The best prevention is evidence-based:
Warm up dynamically
Build strength and stability
Wear proper footwear
Recover smart
Get professional help when needed
At Metro Wellness, our team specializes in helping athletes stay pain-free and performing at their best. Whether you’re recovering from an injury or want a personalized program to prevent one, we’re here to keep you moving—so you can enjoy the game for years to come.
References
Cullinane FL, Boocock MG, Trevelyan FC. (2014). Is eccentric exercise an effective treatment for lateral epicondylitis? BMJ Open Sport & Exercise Medicine.
Kibler WB, Sciascia A, Thomas SJ. (2019). Glenohumeral internal rotation deficit: pathogenesis and response to acute throwing. Am J Sports Med.
Standaert CJ, Herring SA. (2008). Expert opinion and controversies in sports and musculoskeletal medicine: low back pain. Spine J.
Sugimoto D, Myer GD, Bush HM, Klugman MF, McKeon JM, Hewett TE. (2016). Compliance with neuromuscular training and anterior cruciate ligament injury risk reduction in female athletes. Br J Sports Med.
Doherty C, Delahunt E, Caulfield B, Hertel J, Ryan J, Bleakley C. (2017). The incidence and prevalence of ankle sprain injury: a systematic review and meta-analysis. Sports Med.
Fradkin AJ, Zazryn TR, Smoliga JM. (2006). Effects of warming-up on physical performance: a systematic review. Br J Sports Med.

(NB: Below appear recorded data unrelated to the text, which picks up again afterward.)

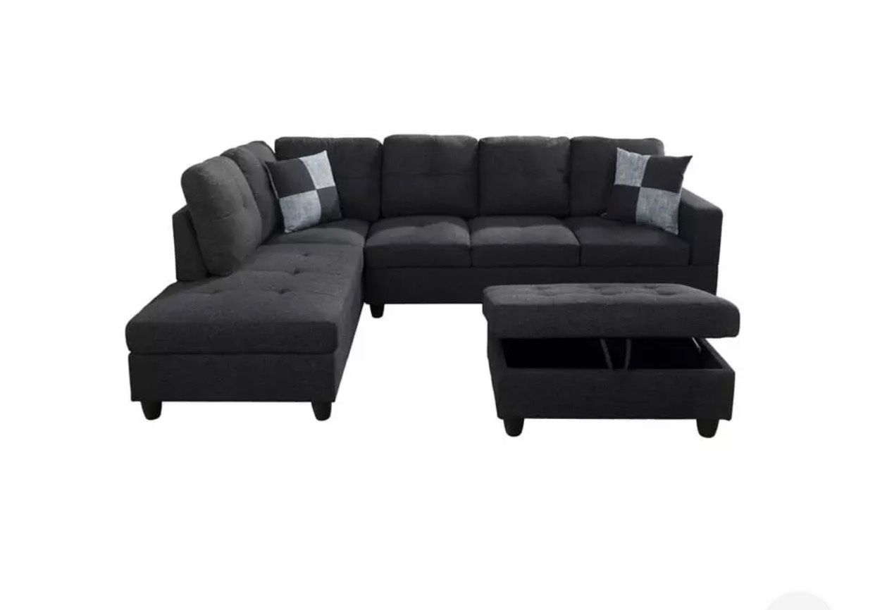 All brand new couches Black Gray. Fabric Linen 🚚delivery available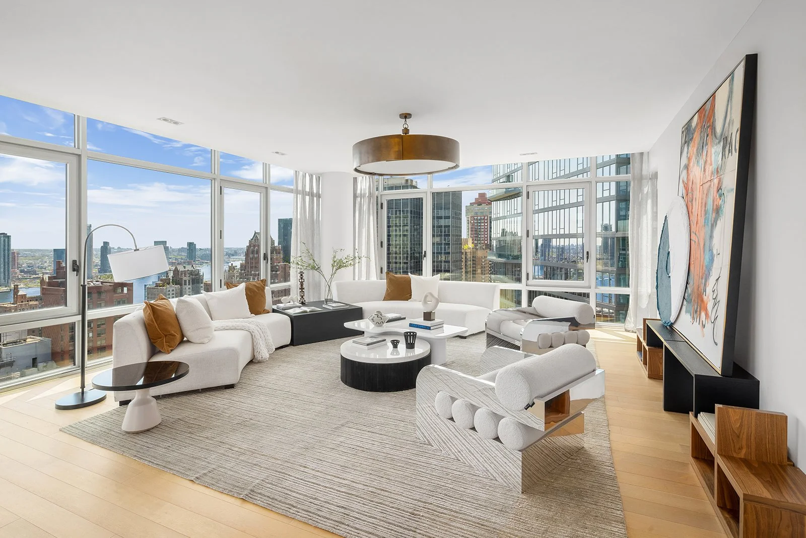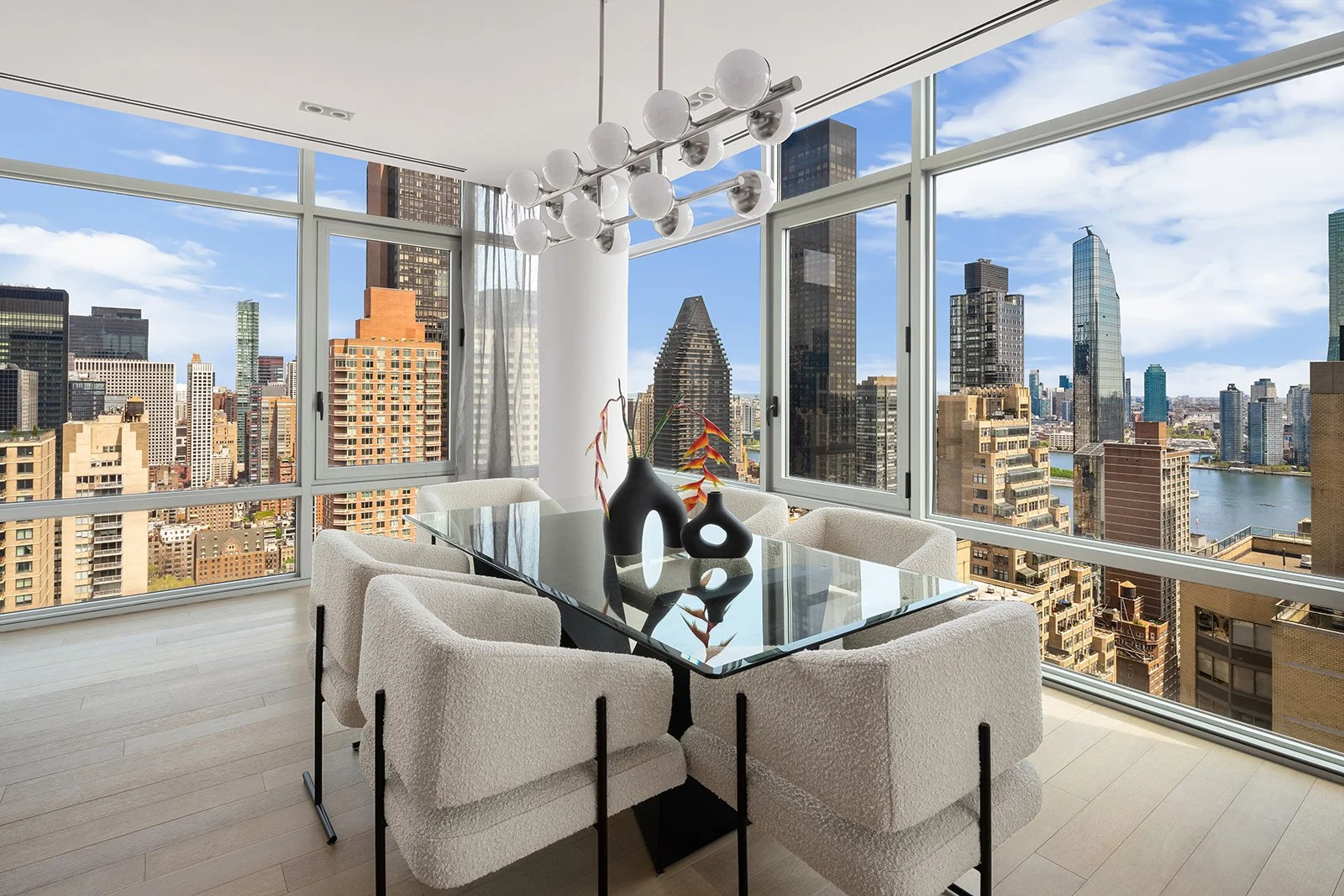 Welcome to this expansive full-floor condo with 3 bedrooms, 3.5 bathrooms, and stunning views of the Manhattan skyline and the East River. Floor-to-ceiling windows stretch wall to wall and let in northern, southern, and eastern light. Beautiful white oak floors run throughout the home, and a state-of-the-art Crestron home automation system controls motorized curtains, audio/visual systems, and central heating and cooling.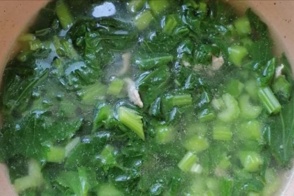3.放入芥菜段煮至变软,加适量盐和鸡精调味即可出锅。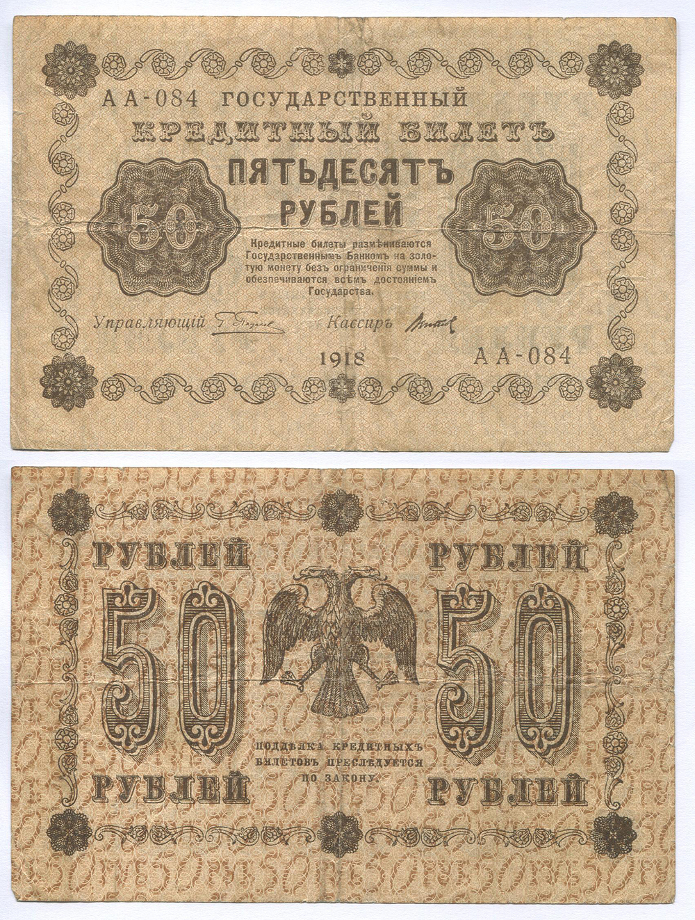 РСФСР. Государственный кредитный билет. 50 руб. 1918 г. АА №E7.6a # АА-084 Пятаков/Титов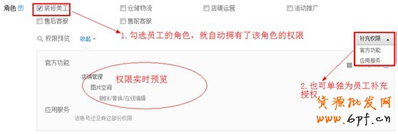 如圖10,勾選員工的角色(角色事先已創建并授權),或者選擇補充權限,該子賬號就擁有了相應的權限。【請注意一定要預覽檢查一遍子賬號的權限!!】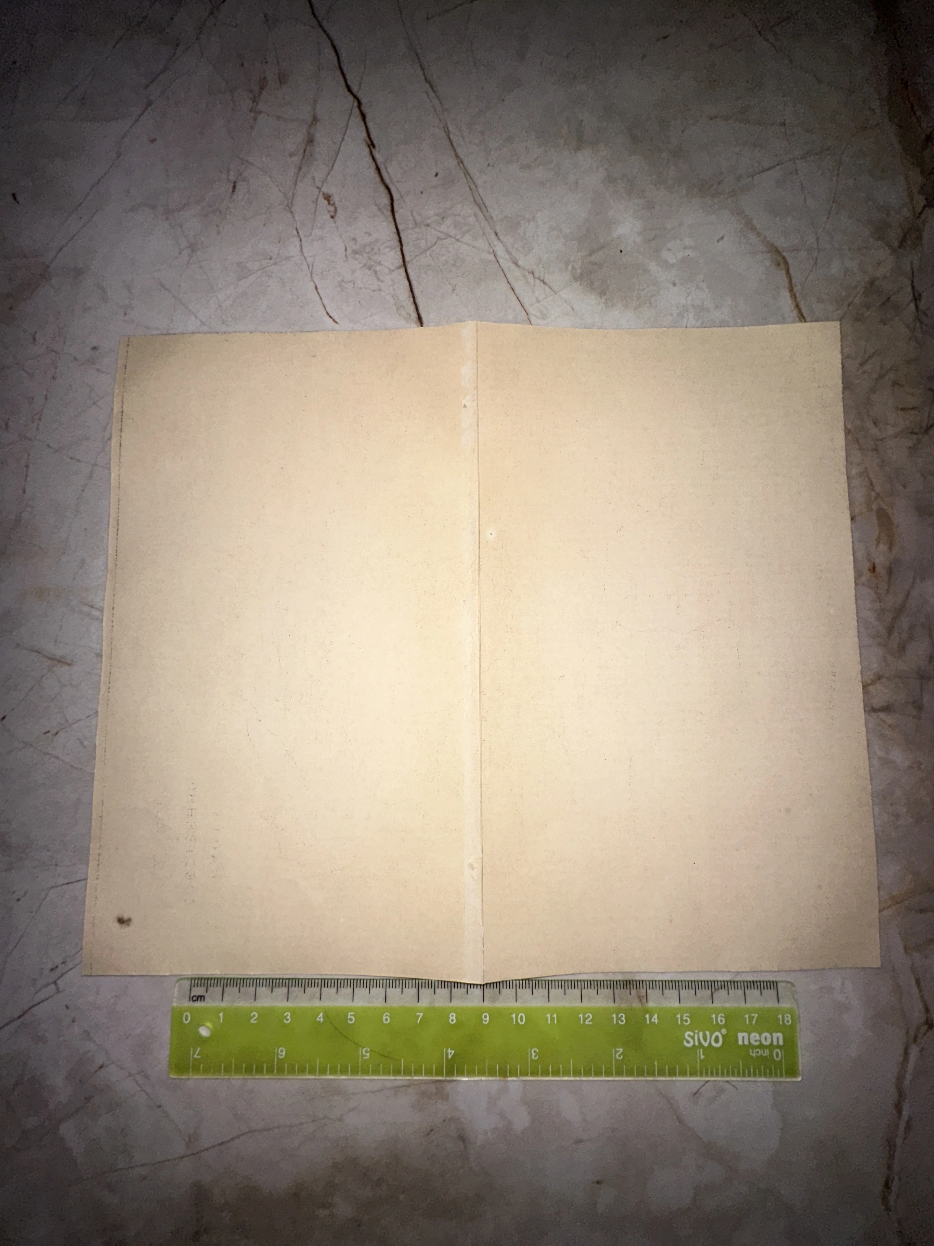 Этот аутентичный лист сохранил благородную желтизну и уникальную текстуру, характерную для бумаги прошлых эпох. Отсутствие записей и чистая поверхность делают его идеальным экземпляром для реставрационных работ или каллиграфических экспериментов в винтажном стиле. Состояние бумаги подчеркивает ее историческую ценность и естественную сохранность.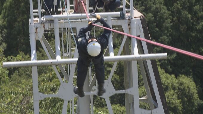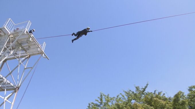隊員は柔道や剣道のほか防護盾を使った制圧訓練、救出訓練などに取り組んでいます。29日にロープを使った救出訓練が公開されました。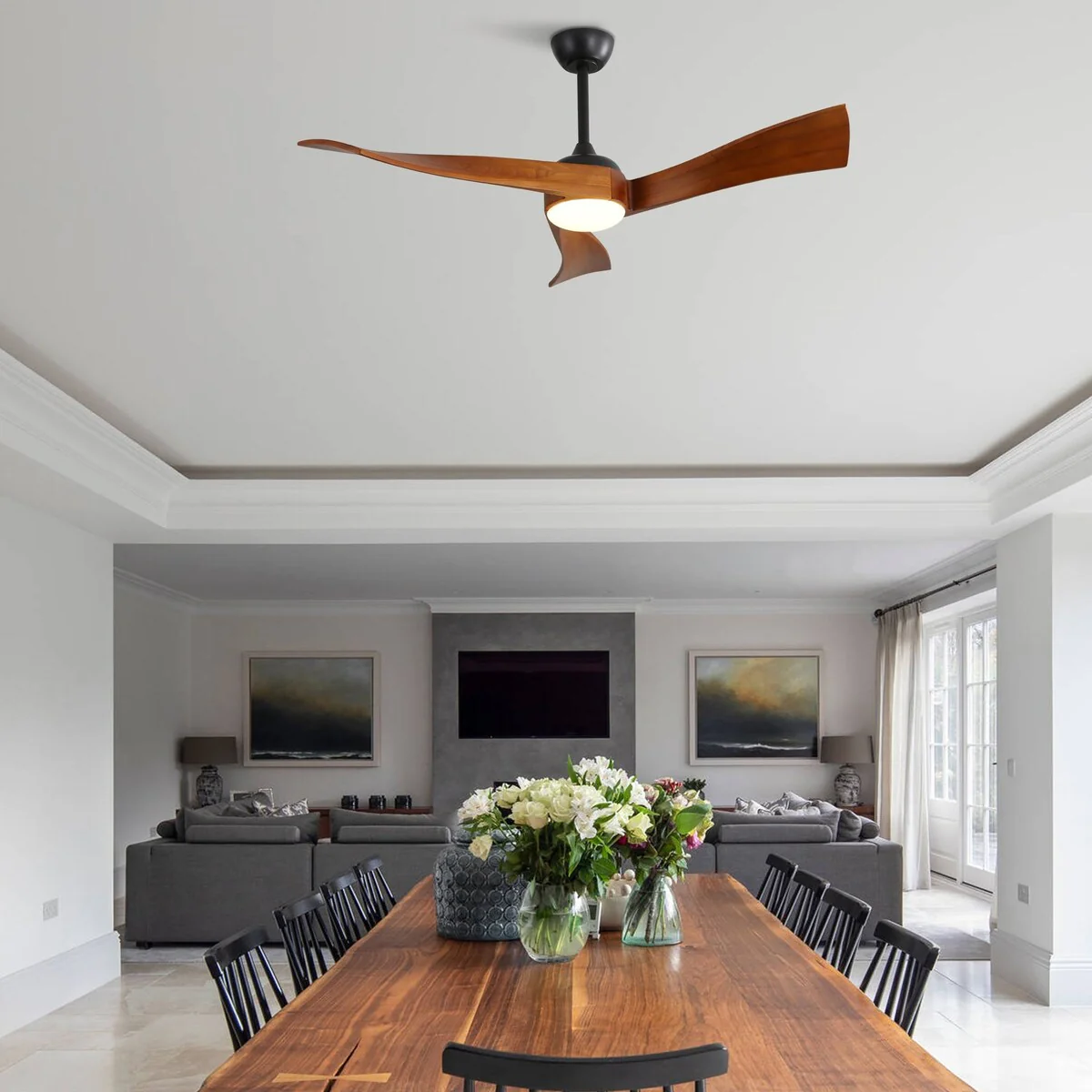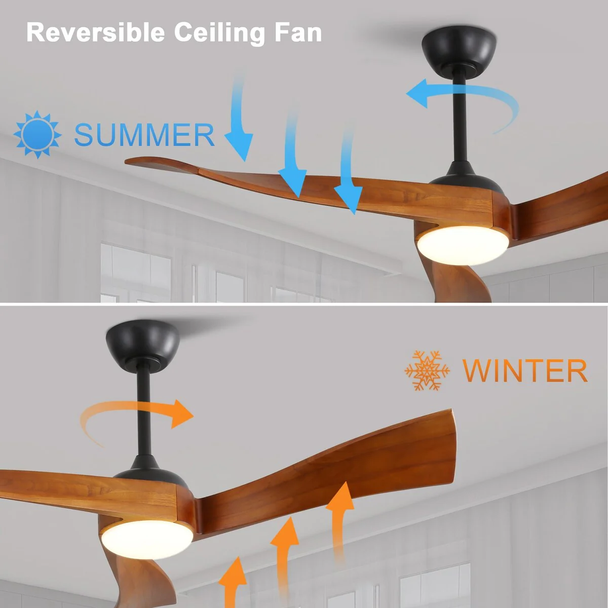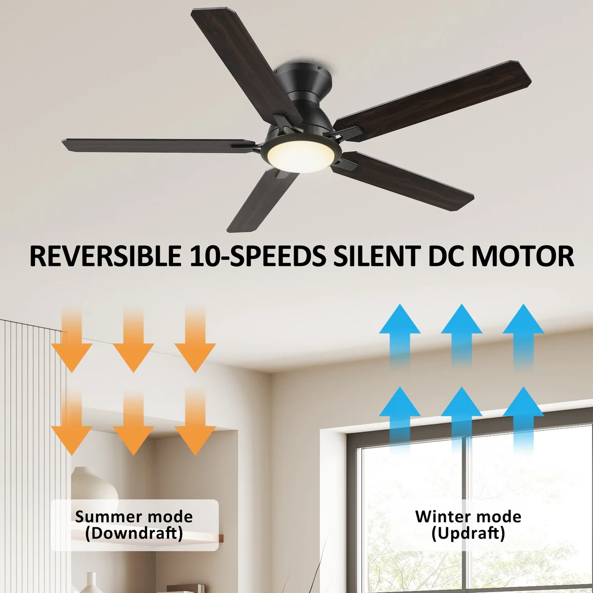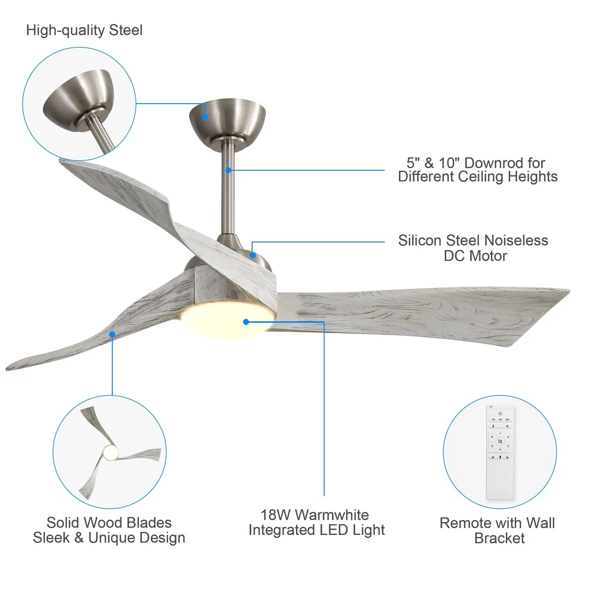 52" Reversible DC Motor Ceiling Fan with Remote/APP Control Dimmable 3-color Temperature, 8 ABS Blades Ceiling Fan Chandelier
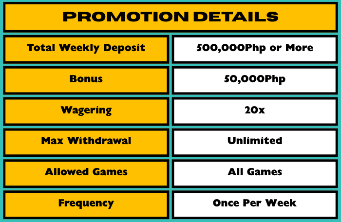 1. Deposit at least PHP 500,000 from Sunday to Saturday. Only weekly deposits are valid.

Soligard T, Myklebust G, Steffen K, et al. (2008). Comprehensive warm-up programme to prevent injuries in young female footballers: cluster randomised controlled trial. BMJ.
Queen RM, Gross MT, Liu HY. (2021). The effect of shoe design on ankle injuries in cutting sports. J Foot Ankle Res.
Gabbett TJ. (2016). The training-injury prevention paradox: should athletes be training smarter and harder? Br J Sports Med.